Online game maker Zynga revealed plans on Friday to raise nearly $1 billion when the developer of FarmVille and other games makes its public debut later this month.
San Francisco-based Zynga said it plans to offer 100 million shares at its initial public offering at $8.50 to $10 each. The offering will account for 14% of its stock.
Zynga, which is expected to go public by December 16, said it has applied to list its Class A common shares under the symbol “ZNGA” on the Nasdaq Global Select Market (NASDAQ:NDAQ).
Best known for its popular FarmVille game that is played on Facebook, Zynga also offers a number of other social games, including Mafia Wars, Café World and Zynga Poker. The company was founded by Mark Pincus in 2007.
When it goes public, Zynga will be hoping to follow in the footsteps of strong debuts in recent months from daily deals site Groupon (NASDAQ:GRPN), professional social network LinkedIn (NYSE:LNKD) and Internet radio provider Pandora Media (NYSE:P).

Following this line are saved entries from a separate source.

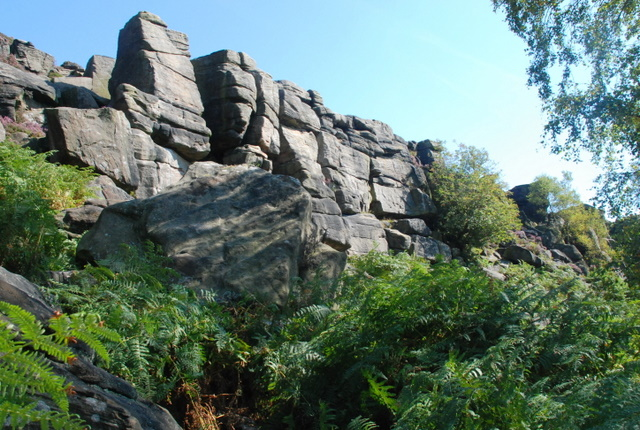 Birchen Edge below the Trig Point Classic millstone grit - beloved by walkers and rock climbers.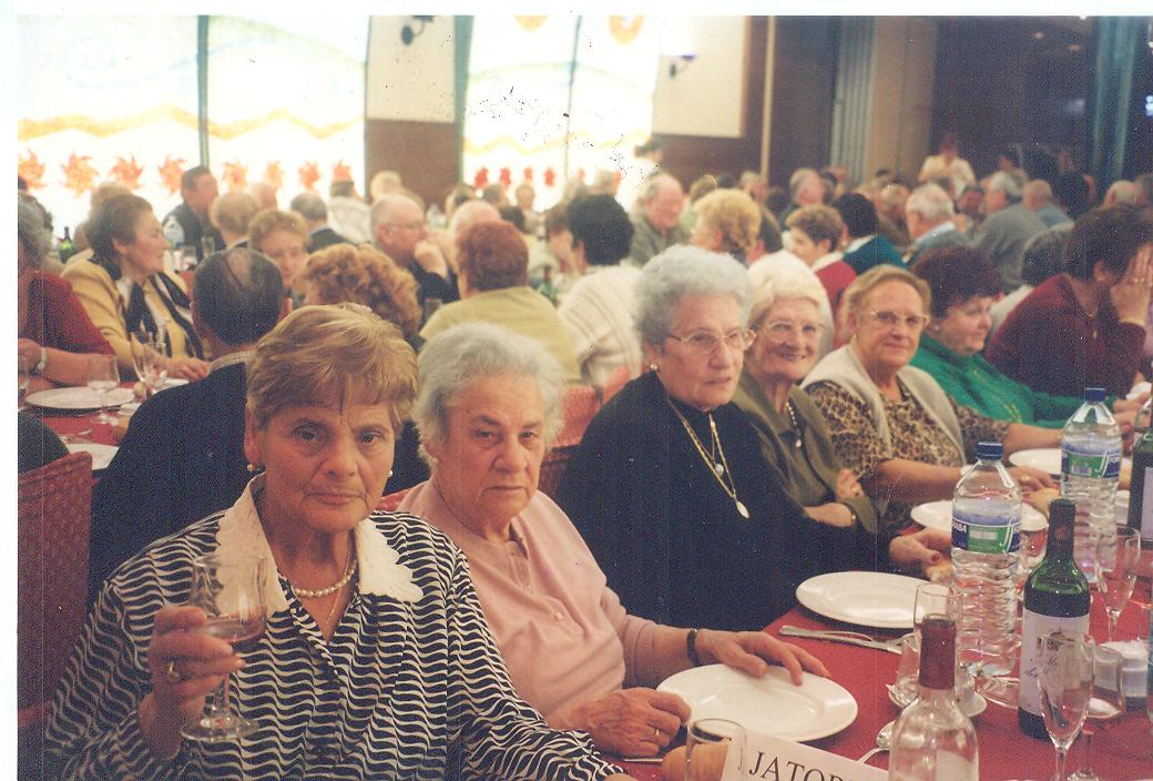 Old people eating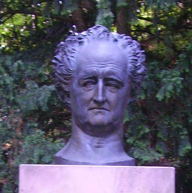 Monument in the Heidelberg castle (Heidelberger Schloss)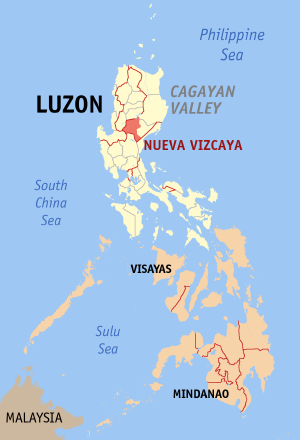 Map of the Philippines showing the location of Nueva Vizcaya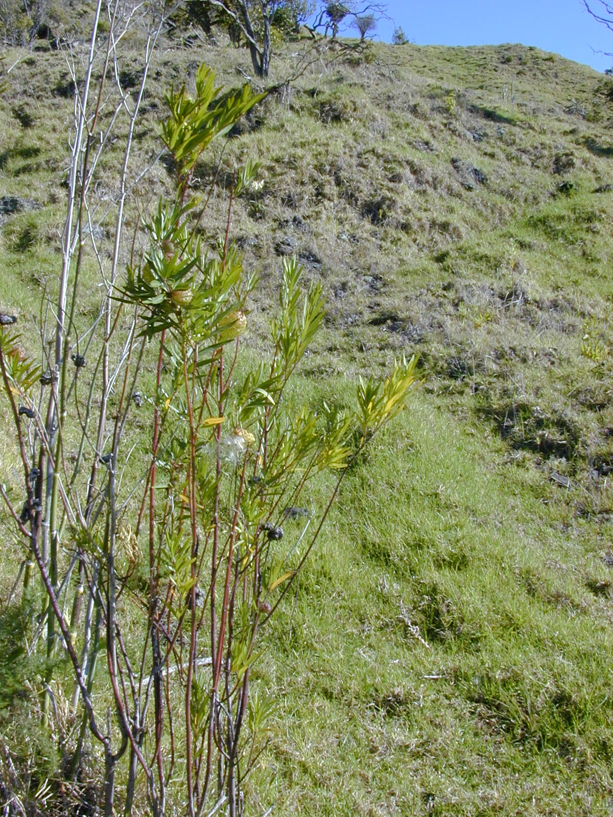 Asclepias physocarpa (habit with seeds). Location: Maui, Auwahi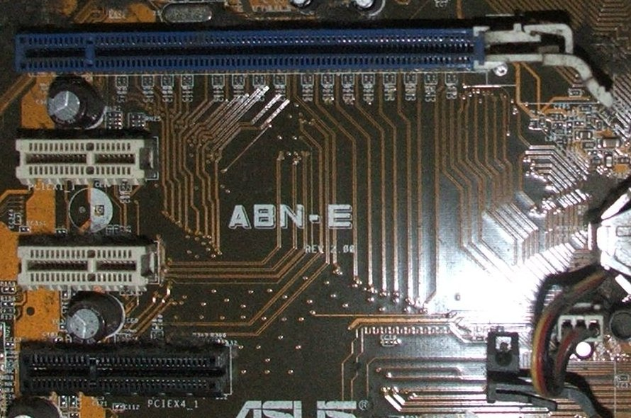 One PCi-E 16x (blue), two 1x (white) and one 4x (black)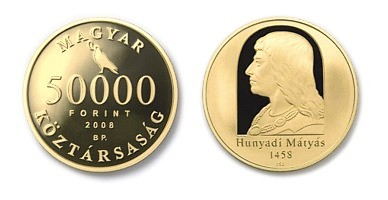 Mathias Corvinus, coin, gold, struck, 2008. Designer: Laszlo Szlavics, Jr.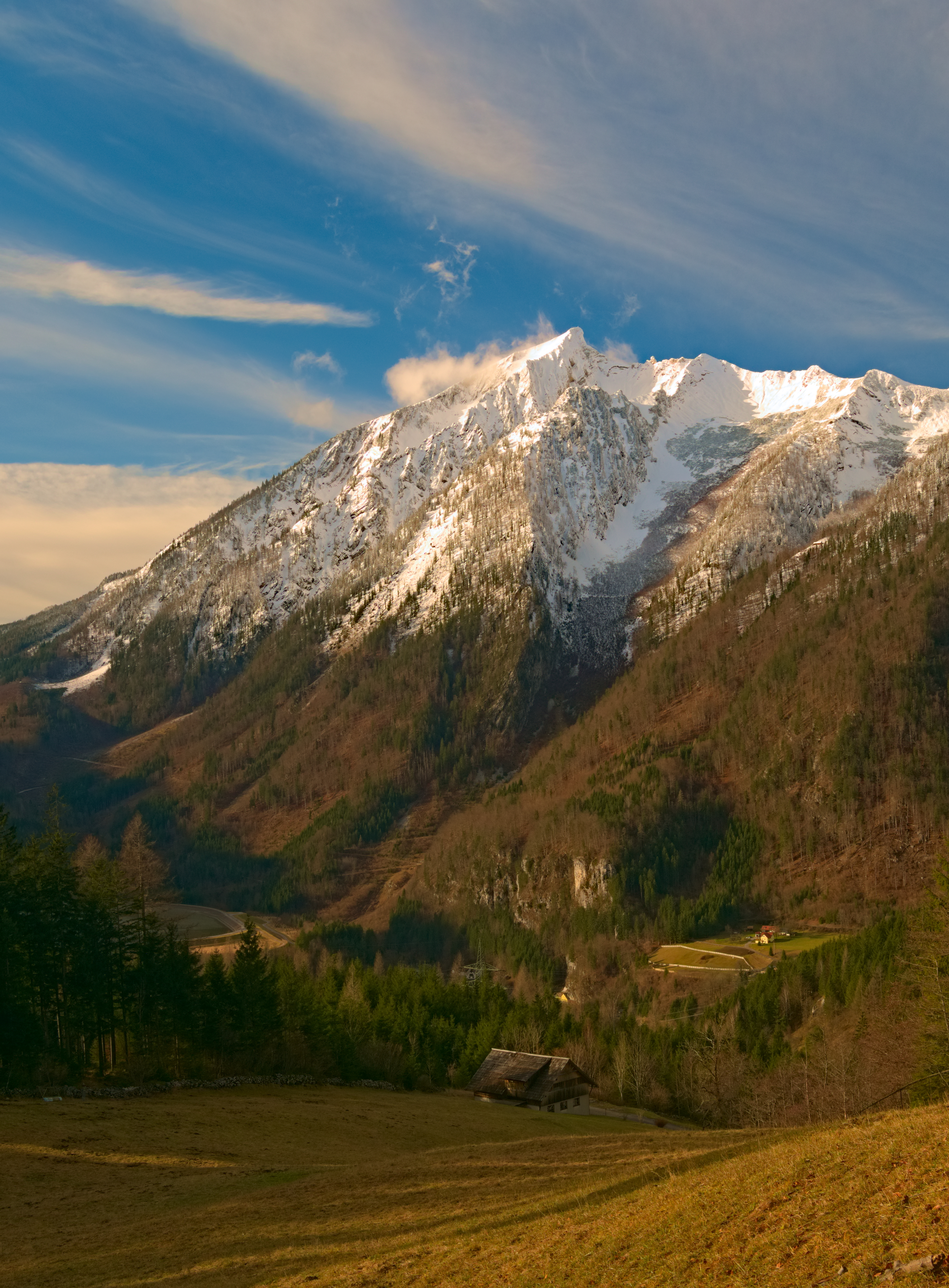 Tamischbachturm with freshly fallen snow, seen from the East (Hieflau Kirchbichl).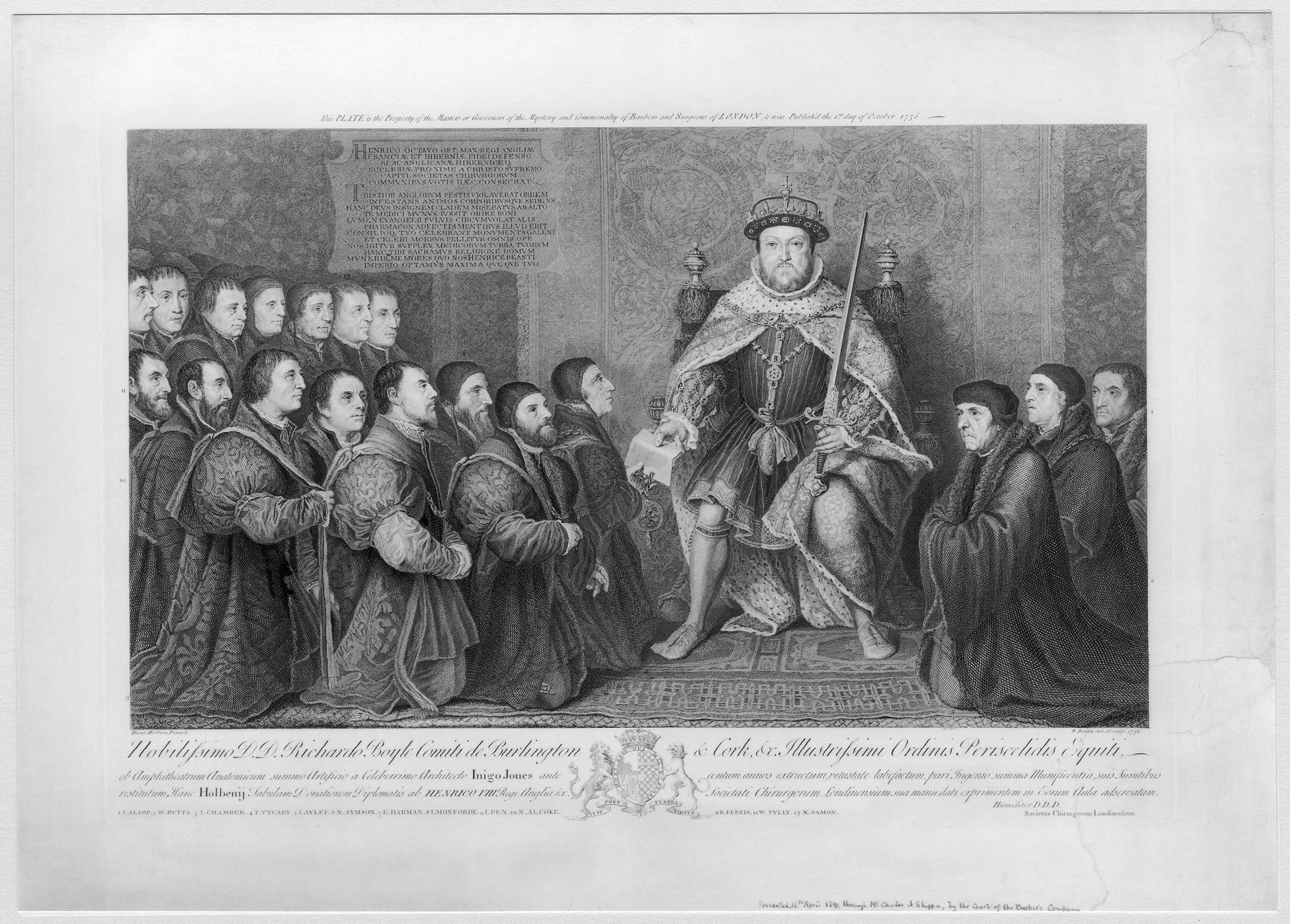 given to the National Portrait Gallery, London in 1891. All images in this batch have been confirmed as author died before 1939 according to the official death date listed by the NPG.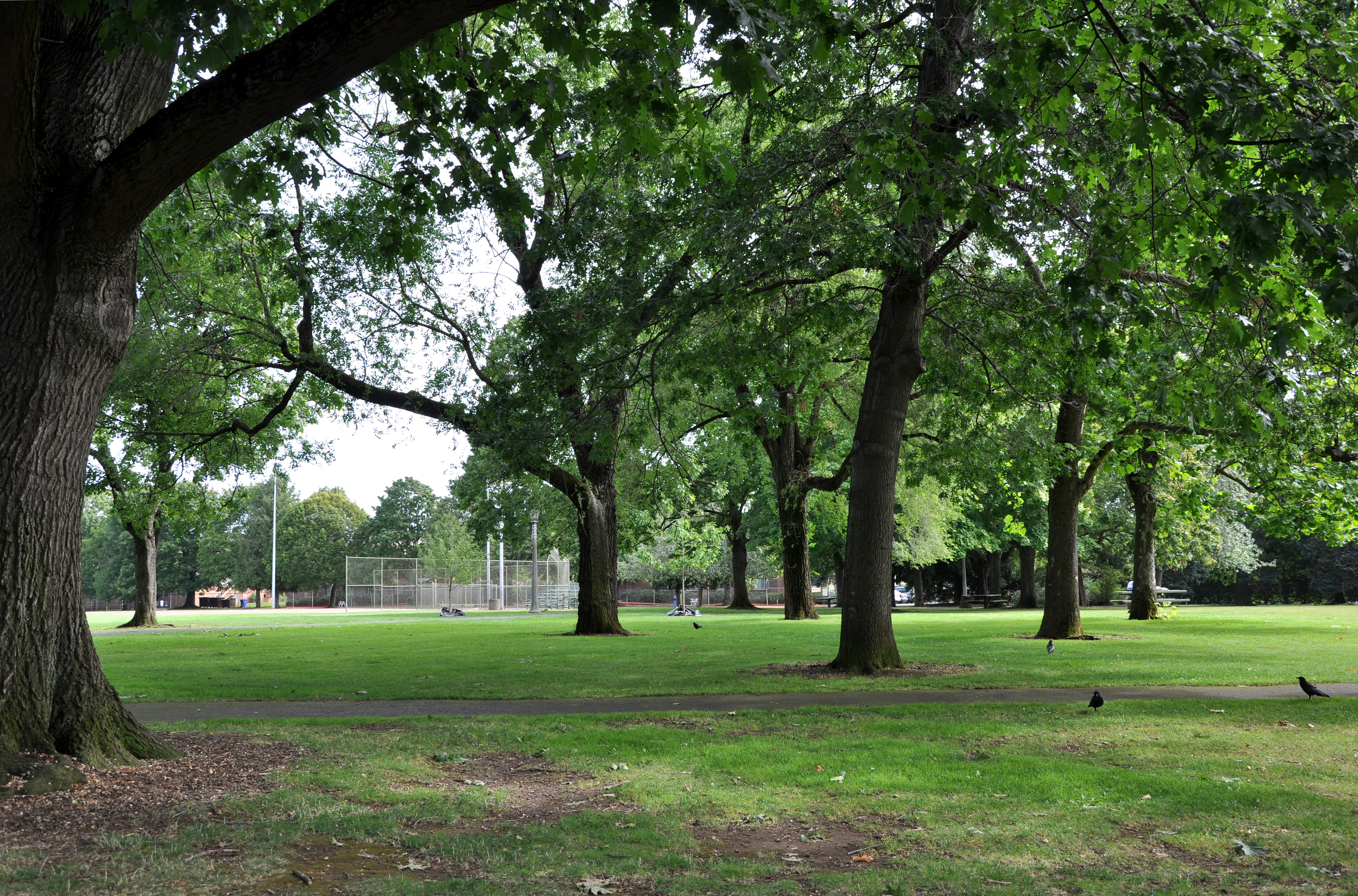 Montavilla Park in northeast Portland, Oregon, in the United States

Next year social-networking king Facebook is expected to go public with a huge offering of $10 billion of stock.
However, Wall Street’s love affair with this next-generation of Internet stocks has seemed to fade as shares of Groupon, LinkedIn and Pandora have plunged by 25.60%, 18.92% and 29.14%, respectively, over the past month.
After the IPO, Pincus, Zynga’s CEO, will control about 36.2% of the total voting power of the company’s outstanding capital stock.